An offline btrfsck is being developed, in part to help verify the filesystem during testing, and as an emergency tool to make sure the filesystem is safe for mounting. The existing tool only verifies the extent allocation maps, making sure that reference counts are correct and that all extents are accounted for. If the extent maps are correct, there is no risk of incorrectly writing over existing data or metadata as blocks are allocated for new use.
正在开发离线 btrfsck,部分原因是为了在测试期间验证文件系统,并作为一种紧急工具,以确保文件系统可以安全挂载。现有工具仅验证范围分配图,确保引用计数正确并且所有范围都有记录。如果范围图正确,那么在为新用途分配块时不会错误地覆盖现有数据或元数据。

btrfsck is able to read metadata in roughly disk order. As it scans the btrees on disk, it collects the locations of nodes and leaves and pulls them from the disk in large sequential batches.
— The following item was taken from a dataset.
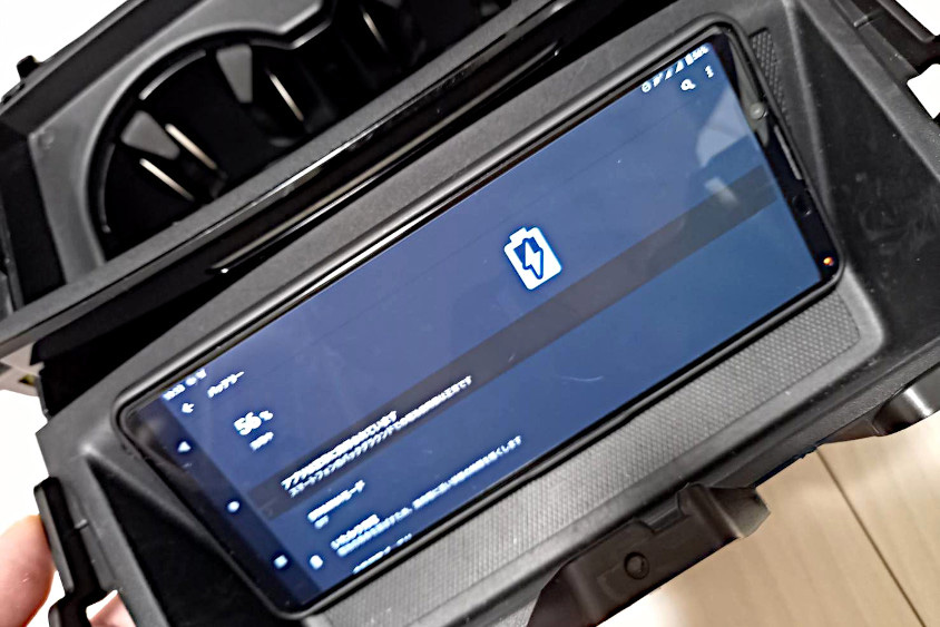 MAZDA3のコンセプト自体が「引き算の美学」なので、造られたものに足し算したくないという気持ちから、スマホホルダーや充電機なども見える形では置いていません。スマホ充電も小物入れに置いただけでワイヤレス充電できるように、市販充電器を解体してパネル裏に組むというDIYをしています。

For the most part, btrfsck is bound by the sequential read throughput of the storage, and it is able to take advantage of multi-spindle arrays. The price paid for the extra speed is more ram. Btrfsck uses about 3x more ram than ext2fsck.
btrfsck 能够按照大致的磁盘顺序读取元数据。在扫描磁盘上的 b 树时,它会收集节点和叶子的位置,并以大批量的顺序从磁盘中提取它们。在大多数情况下,btrfsck 受到存储的顺序读取吞吐量的限制,并且能够利用多个磁盘阵列。为了获得额外的速度,需要付出更多的内存。与 ext2fsck 相比,btrfsck 使用的内存大约多 3 倍。